• _GOAL OF THE EXERCISE_
Using the data below, return word for word every line from the one holding "Occhiali da sole" down to the one holding "蓝灰色玻璃+仿石铝板+艺术涂". Leave pictures out.
*** SOURCE MATERIAL ***
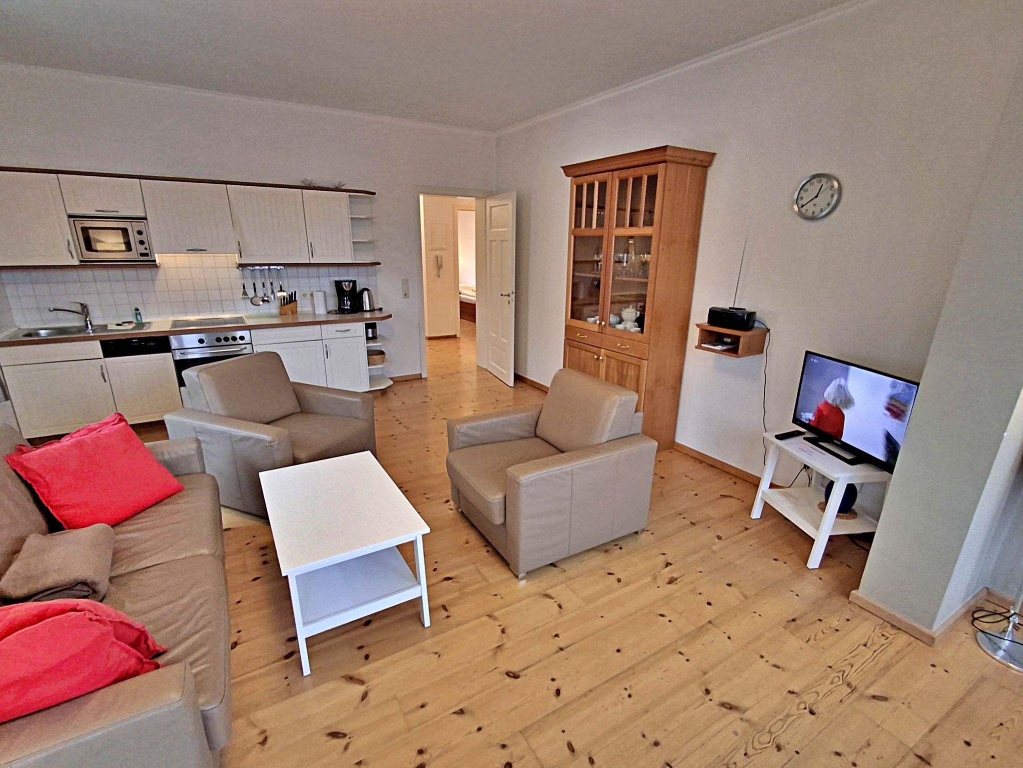 Nur wenige Schritte trennen Sie vom feinsandigen Ostseestrand und der beliebten Promenade. Vom gemütlichen Wohnbereich mit Couch, Sessel und Esstisch genießen Sie dank eines Seitenfensters sogar einen kleinen Blick auf die Ostsee.
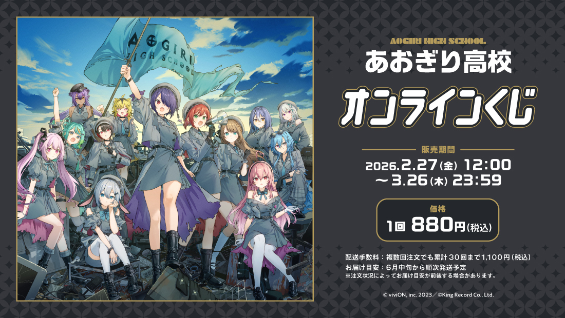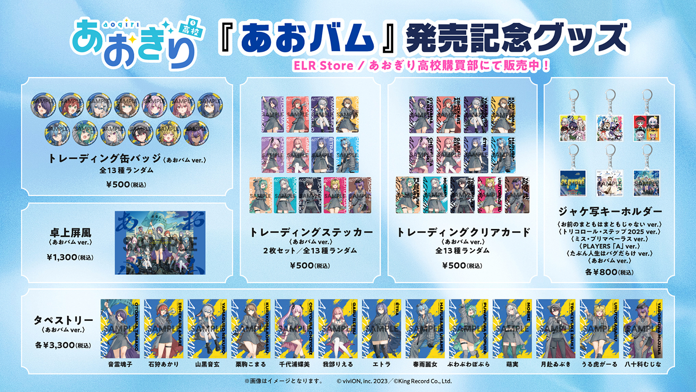 また、あおぎり高校のオンラインくじが「KINGくじONLINE」にて、メジャー1stアルバム『あおバム』の発売を記念した発売記念グッズが「ELR Store」と「あおぎり高校購買部」にて販売中。こちらも要チェックだ。
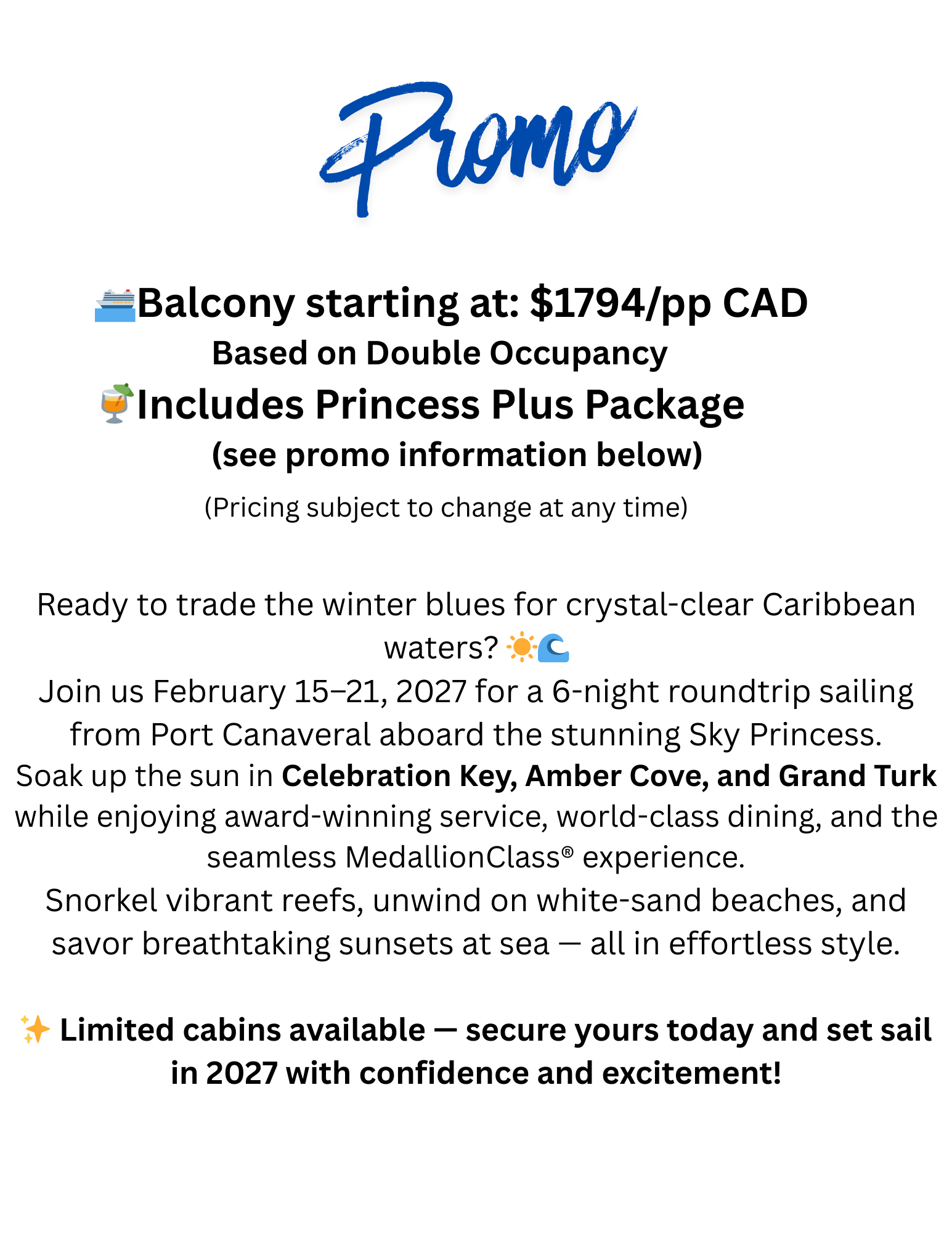 Terms, conditions and restrictions apply; pricing, availability, and other details subject to change and/ or apply to US or Canadian residents. Please confirm details and booking information with your travel advisor.
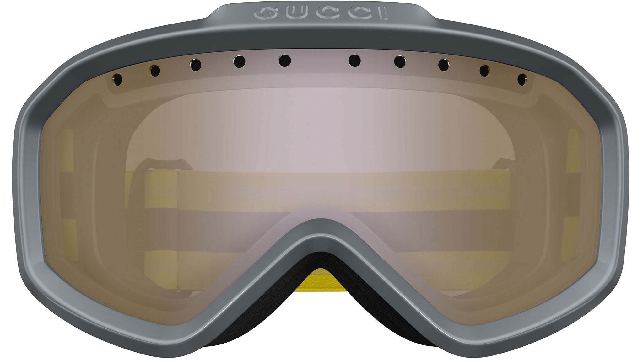 Occhiali da sole Gucci modello GG1210S linea Lettering in iniettato forma mascherina codice colore 007 rutenio scuro metallizzato lucido con aste giallo e lenti marrone solido + ml bronzo. Rivenditore autorizzato Gucci online. Gli occhiali vengono consegnati con custodia e accessori originali e sono coperti dalla garanzia ufficiale di 12 mesi del produttore.
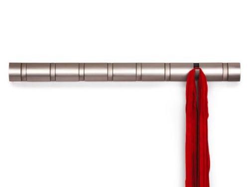 Prosty i ładny wieszak ścienny z ośmioma chowanymi haczykami. Wieszak kiedy na nim nic nie wisi przypomina różnokolorową listwę dekoracyjną. Aby go użuć trzeba odchylić do dołu metalowe elementy, które stają się haczykami. Maksymalne obciążenie każdego haczyka do 2 kg więc z pewnością udzwigną kurtkęlub płaszcz. W zestawie znajdują się elementy do mocowania wieszaka.
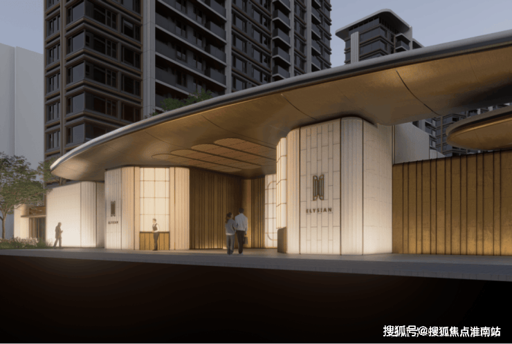 蓝灰色玻璃+仿石铝板+艺术涂料材质,穿插优雅线条,让建筑这张“脸”看起来更高级.One&Only酒店式门头.用雕塑体块、温润弧面和雅致线条,营造具有艺术格调的归家仪式感.
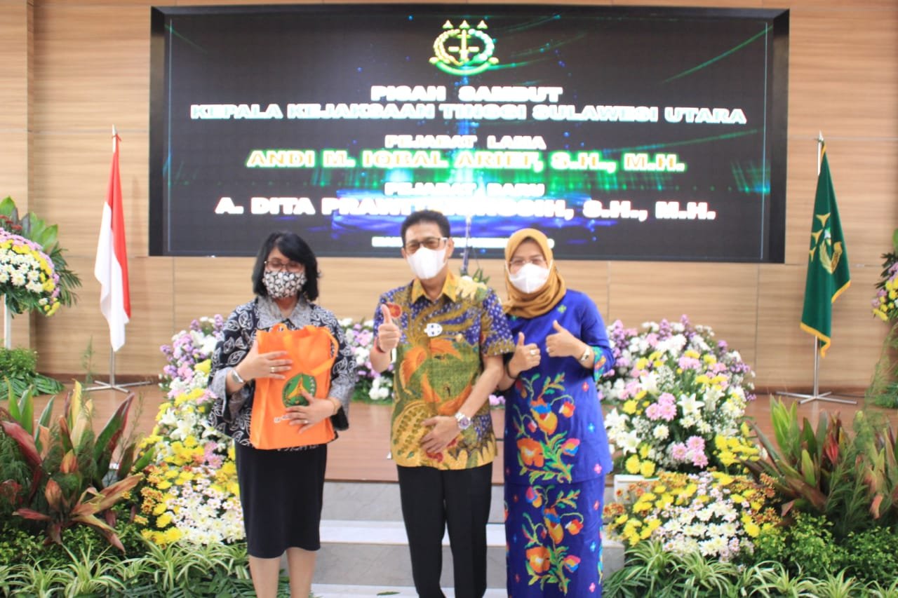 NASIONALXPOS.CO.ID, MANADO– Acara pisah sambut Kepala Kejaksaan Tinggi Sulawesi Utara dari pejabat lama Andi Muh Iqbal Arief, SH.MH kepada pejabat yang baru Albina Dita Prawitaningsih, SH. MH, dan acara pelepasan untuk Iwan Catur Karyawan, SH. MH yang dipromosi menjadi Kepala Kejaksaan Negeri Barito Utara, bertempat di aula Sam Ratulangi Kejaksaan Tinggi Sulawesi Utara, Jumat (18/12/2020).
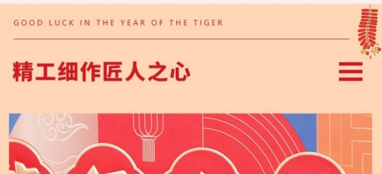 多種組合的吉祥禮盒,或繁或簡,或大或小,豐儉由人。吉祥平安,除舊迎新,歡樂喜慶, 結(jié)彩張燈的主題,祝頌著新年的福祉。愿我們的用心之作,滿載著新春好禮,給您的節(jié)日帶來快樂、喜悅和吉祥!
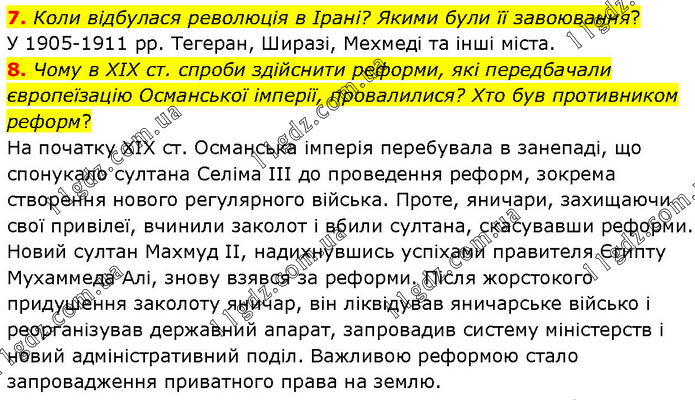 7. Коли відбулася революція в Ірані? Якими були її завоювання? У 1905-1911 рр. Тегеран, Ширазі, Мехмеді та інші міста. 8. Чому в XIX ст. спроби здійснити реформи, які передбачали європеїзацію Османської імперії, провалилися? Хто був противником реформ? На початку XIX ст. Османська імперія перебувала в занепаді, що спонукало султана Селіма III до проведення реформ, зокрема створення нового регулярного війська. Проте, яничари, захищаючи свої привілеї, вчинили заколот і вбили султана, скасувавши реформи. Новий султан Махмуд II, надихнувшись успіхами правителя Єгипту Мухаммеда Алі, знову взявся за реформи. Після жорстокого придушення заколоту яничар, він ліквідував яничарське військо і реорганізував державний апарат, запровадив систему міністерств і новий адміністративний поділ. Важливою реформою стало запровадження приватного права на землю.
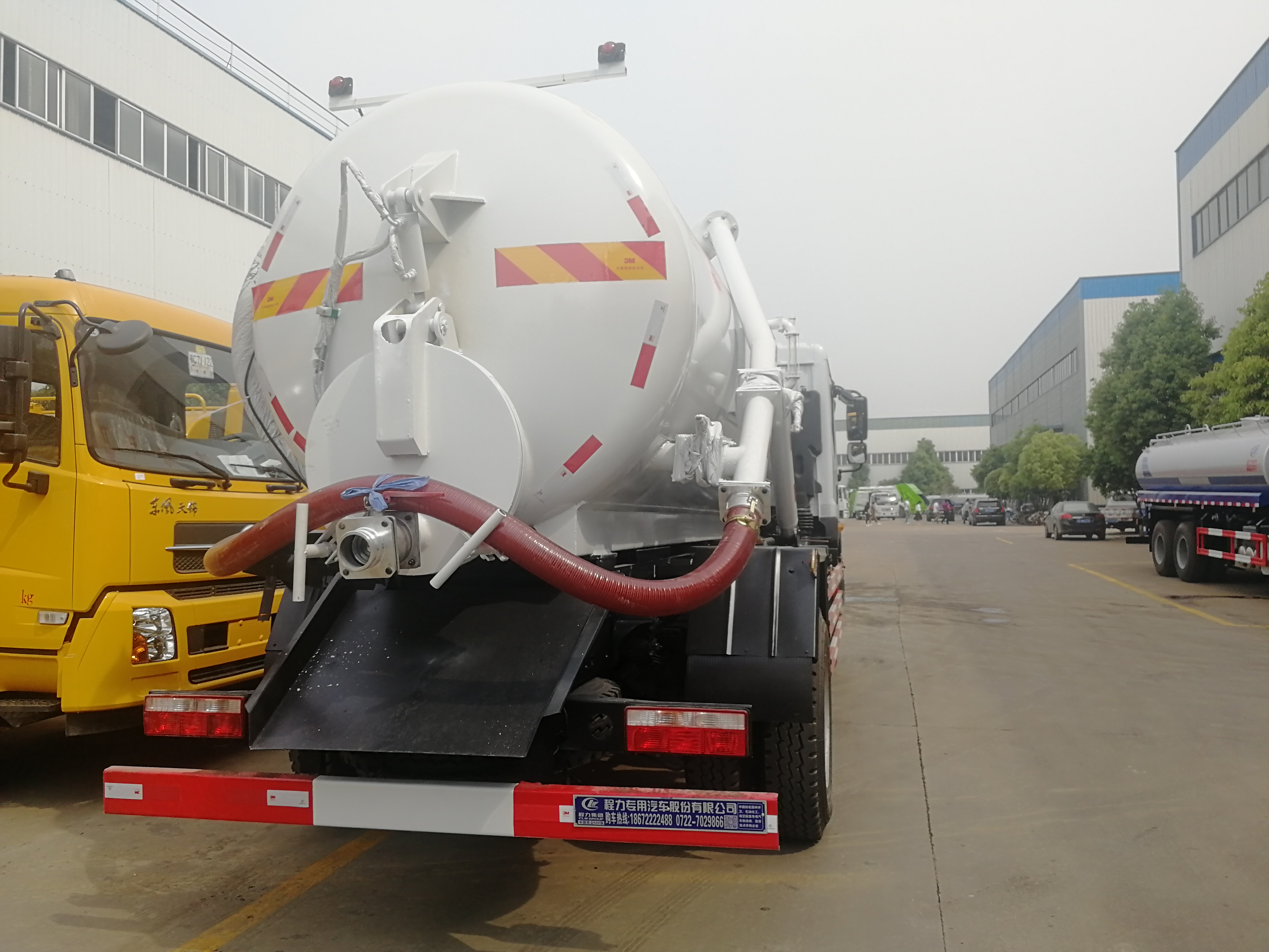 吸污車專用部分由取力器、傳動軸、真空吸污泵、壓力罐體、液壓部分,管網系統、真空壓力表、視糞窗、洗手裝置等組成,隨車配置大功率真空吸污泵和優質液壓系統,罐體封頭一次壓鑄成型、罐體可后開、雙頂自卸。罐內污物可通過后蓋直接傾倒,具有真空度高(比吸糞車的吸力更大)、噸位大、效率高、用途更廣泛的特點。
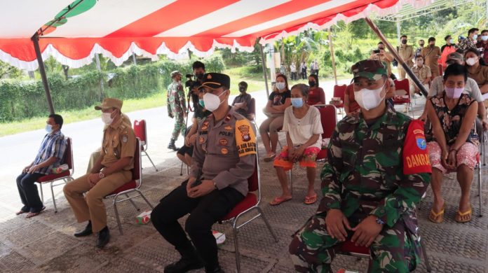 SENGAH TEMILA- Danramil 1201-09/Sengah Temila Letda Arm Suwandi mendampingi Bupati Landak Karolin Margret Natasha menyerahkan bantuan CSR PT. Bank Kalbar kepada pedagang UMKM di Pasar Rakyat Gunung Seha’ Tarigas Desa Aur Sampuk Kecamatan Sengah Temila, Selasa (8/6/2021).
*** End of SOURCE MATERIAL ***
• _YOUR RESPONSE_
 Occhiali da sole Gucci modello GG1210S linea Lettering in iniettato forma mascherina codice colore 007 rutenio scuro metallizzato lucido con aste giallo e lenti marrone solido + ml bronzo. Rivenditore autorizzato Gucci online. Gli occhiali vengono consegnati con custodia e accessori originali e sono coperti dalla garanzia ufficiale di 12 mesi del produttore.
 Prosty i ładny wieszak ścienny z ośmioma chowanymi haczykami. Wieszak kiedy na nim nic nie wisi przypomina różnokolorową listwę dekoracyjną. Aby go użuć trzeba odchylić do dołu metalowe elementy, które stają się haczykami. Maksymalne obciążenie każdego haczyka do 2 kg więc z pewnością udzwigną kurtkęlub płaszcz. W zestawie znajdują się elementy do mocowania wieszaka.
 蓝灰色玻璃+仿石铝板+艺术涂料材质,穿插优雅线条,让建筑这张“脸”看起来更高级.One&Only酒店式门头.用雕塑体块、温润弧面和雅致线条,营造具有艺术格调的归家仪式感.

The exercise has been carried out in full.